Изменить стиль страницы

Очевидно корреспондент не был знатоком игры, так как не только шум, но даже шепот мешает шахматистам, когда их внимание сконцентрировано на партии и все чувства крайне обострены.

Матч длился ровно два месяца – с 1 января по 28 февраля 1892 года. Вначале играли по четыре партии в неделю, но потом у Чигорина разболелись зубы, и было решено проводить лишь по три тура.

Прежде чем перейти к описанию хода борьбы, остановимся на неприятном инциденте, показавшему кубинцам, каково было положение Чигорина в его собственной стране.

Как-то в начале матча Стейниц в присутствии местных шахматистов, смеясь, рассказал Чигорину, что он получил много предостережений, в том числе и из Петербурга, не играть черными против Чигорина излюбленный Стейницем вариант гамбита Эванса. С таким же предостережением прибыл из русской столицы на Кубу объемистый пакет от Алапина, содержавший подробный анализ защиты Сандерса в гамбите Эванса, которую Алапин считал более надежной, чем та, которую Стейниц применял против Чигорина в прошлых соревнованиях.

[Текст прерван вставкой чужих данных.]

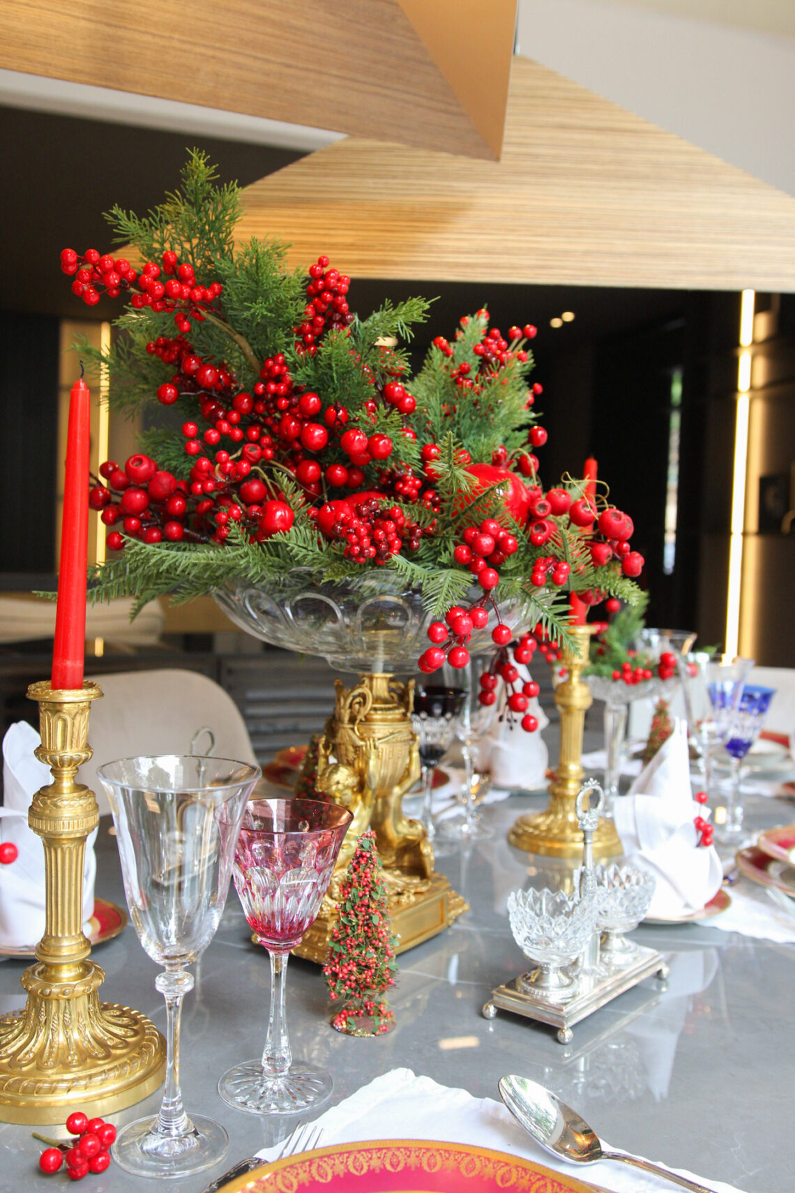 La mesa Golden Deluxe de Claudia Faena buscó por sobre todo ser una mesa muy alegre, donde predominan los cristales, los brillo y los colores, porque esta fecha es un momento para festejar la vida, Festejar el renacer, el que estamos juntos, que nos volvemos a encontrar, Entonces la idea es darle a todas esas emociones un marco de alegría.
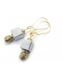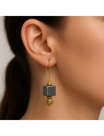 Diese eleganten Ohrringe vereinen die mineralische Schönheit von natürlichem Hämatit mit dem warmen Glanz fein gearbeiteter Goldperlen. Sie sind an kleinen Goldcreolen befestigt und bieten eine perfekte Balance aus Eleganz und Tragekomfort. Jedes Paar wird in unserer französischen Werkstatt in Anjou handgefertigt und garantiert so ein einzigartiges und langlebiges Schmuckstück. Gesamtlänge: 40 mm. Material: Natürlicher Hämatit aus Brasilien, handgeschnitzte Messingperlen, gefasst in kleinen, vergoldeten Edelstahlreifen. Brillante und langlebige Oberfläche. Handgefertigt in Frankreich, hergestellt in unserer Werkstatt in Anjou.
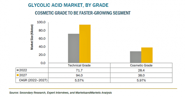 グリコール酸の市場規模は、2022年の3億2,700万米ドルからCAGR6.6%で成長し、2027年には4億5,000万米ドルに達すると予測されています。グリコール酸は、天然または合成ルートから得られるα-ヒドロキシル酸(AHA)の一種で、純度を変えてケミカルピーリング、アンチエイジングクリーム、ヘアケア、スキンケアクリームなどの用途に広く使用されています。近い将来、最終用途からの需要増加により、同市場は拡大することが予想されます。
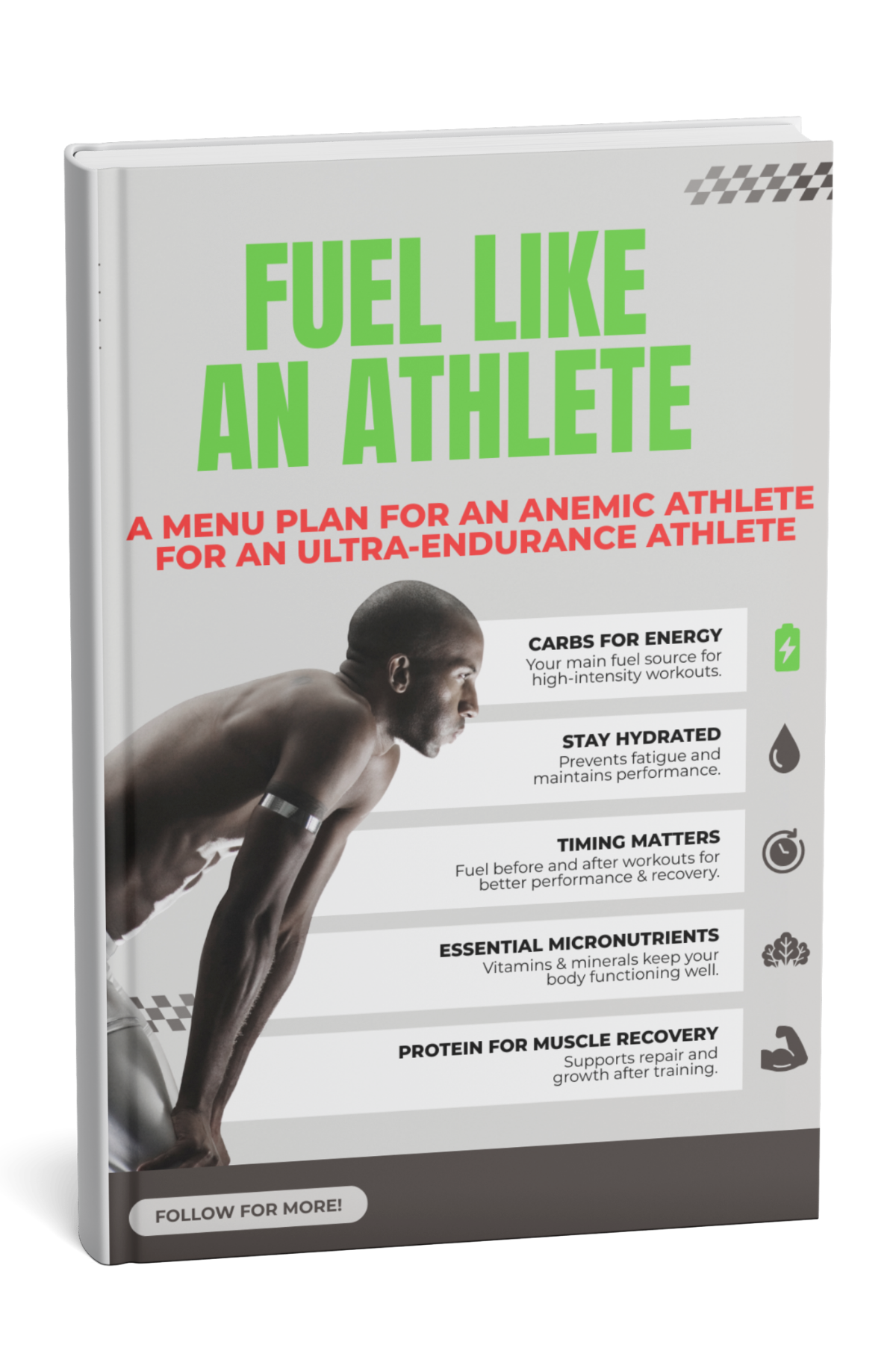 To prepare a menu plan for an anemic athlete for an ultra-endurance athlete during the competition phase of training.

Стейниц, по его словам, «рассмотрел два варианта из огромного алапинского анализа, они ему не понравились, и он за недостатком времени не счел нужным рассматривать весь анализ». Надо, однако, отметить, что Стейниц все же внял предостережениям недругов Чигорина и ни разу не применил в матче-реванше не оправдавшую себя ранее собственную систему защиты в гамбите Эванса, но зато дважды испробовал проанализированную Алапиным систему Сандерса. Одну из таких партий Стейниц проиграл, другую свел вничью.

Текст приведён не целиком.